I made this card for my bank president b-i-l's 50th coming up. He's the one currently fighting the relapse of melanoma, and also my favorite in-law. So, I wanted to make him a memorable card.
The inside sentiment: "We figured that if Obama can be the next JFK, so can you, Dude, so can you. Plus, you're already a President!"
I have had this image of Marilyn for a while and printed her on smooth tagboard cardstock, on my laser printer because I'm just lazy that way. But I love how she came out.
If he's in a good mood when he gets it, he'll laugh his ass off.
That might not be the case though. Today, my father-in-law, Hub's Dad, passed away. It was the strangest day all around. I woke up to the chaos of the phone ringing and waking up Hubs since he had worked a graveyard the night before and was scheduled to work an overtime one tonight, trying to tell him the news and getting him to understand this really was reality.
He rushed off to his Mom's, and as I had a ton of stuff to prepare for mailings that I had commited to, stayed behind to join them... at some later time. So, I didn't finish up until 4:30. Drove to the P.O. and then decided on the spur of the moment to meet up with Hubs. I'd missed my shower the night before and was in raggedy clothes and less than stellar hair, but I refused to let that stop me.
Anyway, I am really glad I went right then as opposed to later that evening. Hubs was missing me, and his mom just clung to me for the longest. Hub's youngest sis is the one married to the bank pres, and he had just been released from the hospital for a few days before beginning his next round of treatments, so she wasn't able to come. The teacher sister was able to leave work to come over, so there was enough family around, and she stayed there overnight just in case Hub's mom needed someone.
Tomorrow, teacher sis, Hubs and their mom go to the funeral home with clothes and whatever else was on the list. I feel kind of bad for Hub's brother that irritates me, though. Yesterday was his birthday, so he's like got this memory scarring it from now on. I'm not upset with him so much anymore.
It's very strange when a loved one passes on that you know is going to, you just don't know when. He'd just finished his radiation treatments, and his heart just decided to quit. He was taking a nap in his recliner when he went. My dad would say, you can't get much luckier than that. Plus, my comfort is that he avoided all that long-drawn-out disease suffering from his Parkinsons and the cancer.

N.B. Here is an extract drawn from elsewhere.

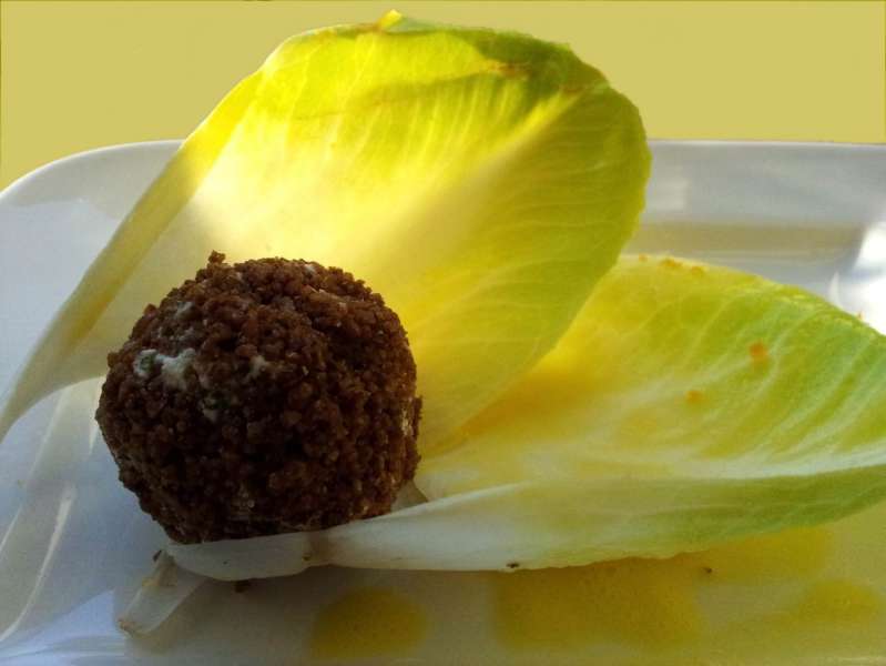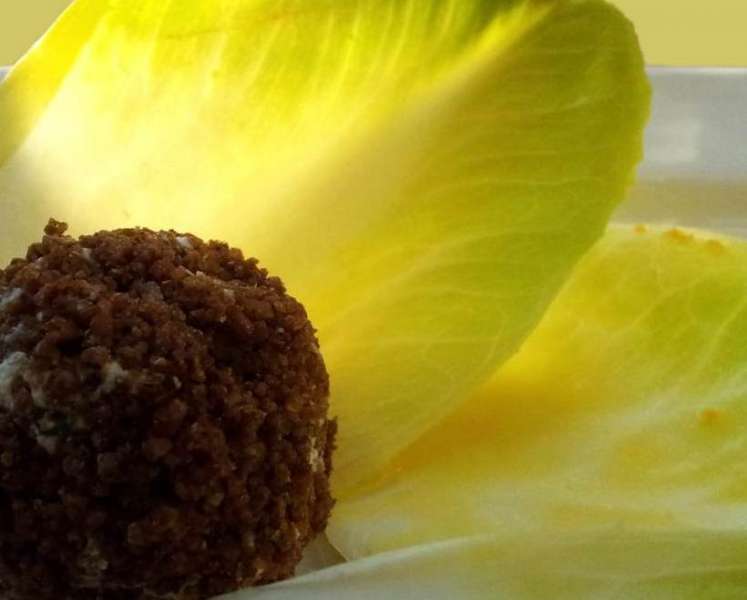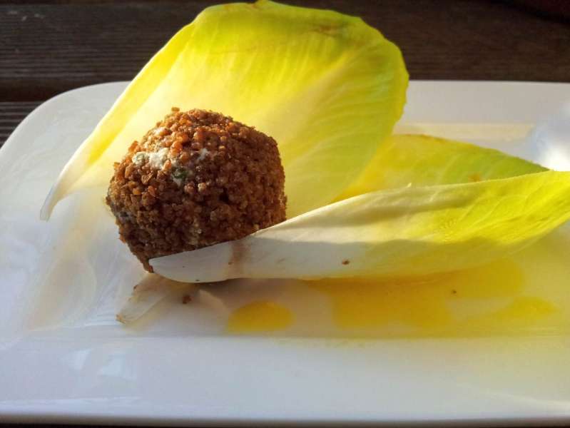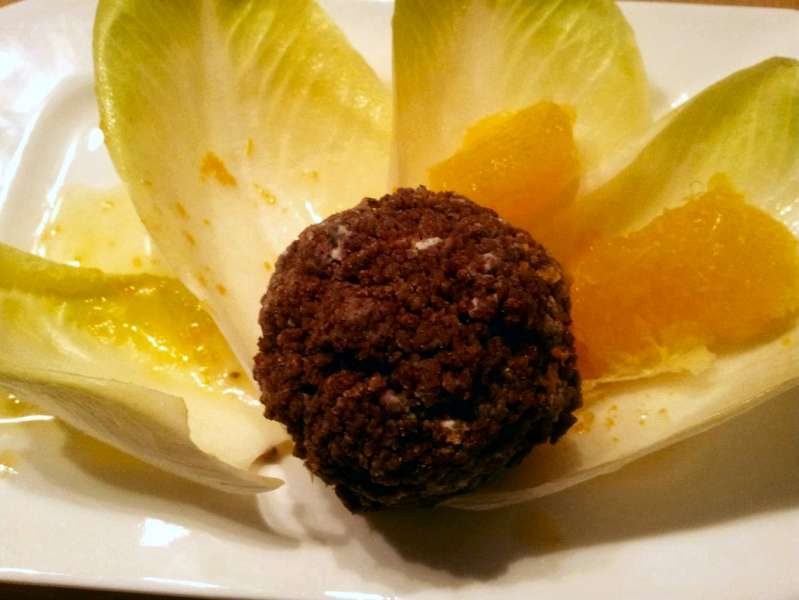 Die Blätter durch die Vinaigrette ziehen und auf einen Teller legen. Je eine Praline in ein Chicorée-Schiffchen setzen. Davon 2..3 pro Portion. Etwas Vinaigrette um die Schiffchen drumherum träufeln und die Orangenfilets dazwischen legen.

So, we await in limbo while the day for his funeral is decided and family arrives from other states. Missy has a wedding she is a brides maid in this weekend and may have to juggle things around if the funeral's Saturday. But we'll get things worked out.
Oh, and Lynn, too funny, I cannot believe I forgot to answer the bad habits on that tag quiz, but I had left that for last and then forgot. Still not into figuring out 3 of them since I have so many. LOLOL Sitting here now, all I can think of is how this year, 2008, may end up being a hard year for me, full of challenges and life changes. I've had to deal with a lot already, plus my chronic illness and being separated from Missy. I try to plug away though and keep on truckin'. My sense of humor not only comforts me, but it also helps me comfort others, as I did today. Not perfect, far from it. But, real.